Sunfish 17th May 2013 21:09

The lesson I take home from all this is that very complex systems generate very complex and confusing failure modes that software engineers and designers cannot possibly discover.

This means that:

1. Automation must never be totally trusted.

2. It must be possible for the crew to revert to basic mechanical instruments and hand fly the aircraft from first principles.

3. Modifications and upgrades are going to become a nightmare for Airbus because it is impossible to completely understand if new failure modes have been created.

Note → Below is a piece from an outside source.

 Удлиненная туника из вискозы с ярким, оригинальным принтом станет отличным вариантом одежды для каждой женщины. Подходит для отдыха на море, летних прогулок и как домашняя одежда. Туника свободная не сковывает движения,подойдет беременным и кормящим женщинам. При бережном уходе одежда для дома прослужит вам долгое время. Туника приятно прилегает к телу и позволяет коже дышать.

I make exception for the basic fly by wire automatics, but nothing else, and if you are going to use side sticks they had better have a mechanical connection so it is patently obvious to blind freddy what control inputs are being applied.

I expect more of these type of accidents.

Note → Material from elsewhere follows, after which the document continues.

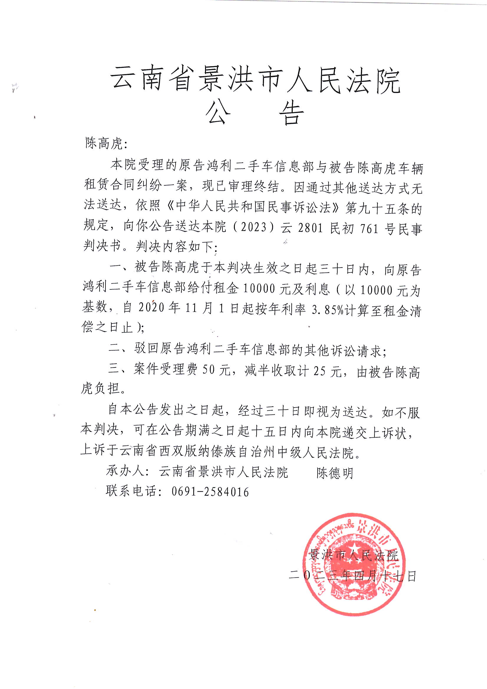 公告判决-陈高虎:(2023)云2801民初761号民事判决书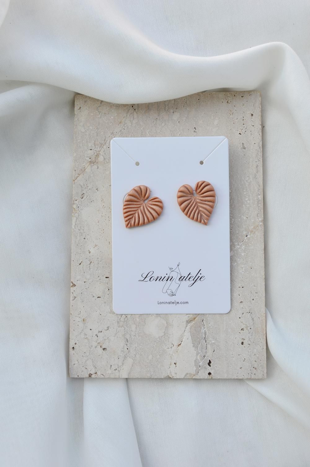 Rosewood Dreams – ročno izdelan velik uhan v obliki lista, bronasta barva

ExSp33db1rd 17th May 2013 21:43


I expect more of these type of accidents.
but simply following your points 1 and 2 could prevent a lot more happening.

or stop calling them pilots - Digital Device Programmed Anomaly Corrective Operatives - seems more appropriate these days. Pilots fly aeroplanes.

I recall a cartoon in Punch, after the first, much publicised, auto-land event, drawn by a very well known Punch cartoonist - so well known that I've forgotten his name ! - it showed a uniformed pilot in a glass cage at the back of the flight deck, with a hammer hanging on the front bearing the notice " In Case of Emergency Break the Glass "

'course - the decision than would be when to break the glass - or call the Captain back from the bunk ?

AlphaZuluRomeo 17th May 2013 22:14

Thanks A33Zab :)


Originally Posted by A33Zab (Post 7847621)
IIRC Boeing T7 ADIRU sets NCD <30Kt and SAARU <50 kt

OK, and does that NCD prevent the stall warning to work, as in the A33x?

DozyWannabe 17th May 2013 23:57

NB : This post is intended as summary only - as PJ2 says, the arguments were exhaustively played out over 11 threads in Tech Log.

@Sunfish - This was not a complex or unforeseen failure mode. Unreliable Airspeed Indication causes a drop to Alternate Law, which has no hard protections. This was well-understood by all the engineers, and if it was not communicated to line pilots, it should have been. We know Airbus sent out a bulletin describing a workaround procedure while the problematic pitot tubes were being replaced. How well this was disseminated by airlines amongst their crews is less certain, but we do know that over 30 UAS incidents occurred before AF447, and all of them were successfully resolved by their crews.

@AZR - I don't know for certain, but an educated guess says that NCD on a T7 will cause stall warning to cut out, because with no valid data, the stall warning subsystem has nothing to work with.

AtomKraft 18th May 2013 00:02

For Gods sake what harm could be done by linking the sidesticks so they move together?

Anyone?

DozyWannabe 18th May 2013 00:09

@AtomKraft - see the Tech Log threads. There are several pros and cons that go both ways regarding connected versus unconnected primary flight controls.

Cool Guys 18th May 2013 01:17

I have read all these AF447 threads. I can only recall one airline pilot who was opposed to connected side sticks. A few thought it would make no difference to the outcome. The vast magority thought connected side sticks would have contributed to a better outcome.

This is just another generalised summary. I dont wish to infame another polarised debate.

DozyWannabe 18th May 2013 01:32

@Cool Guys - I think you'll find that the "pro-connection" folks were the same people posting repeatedly. Additionally, I don't think it's a case of pro vs. anti - it's just that objectively there's no evidence that one is superior to the other.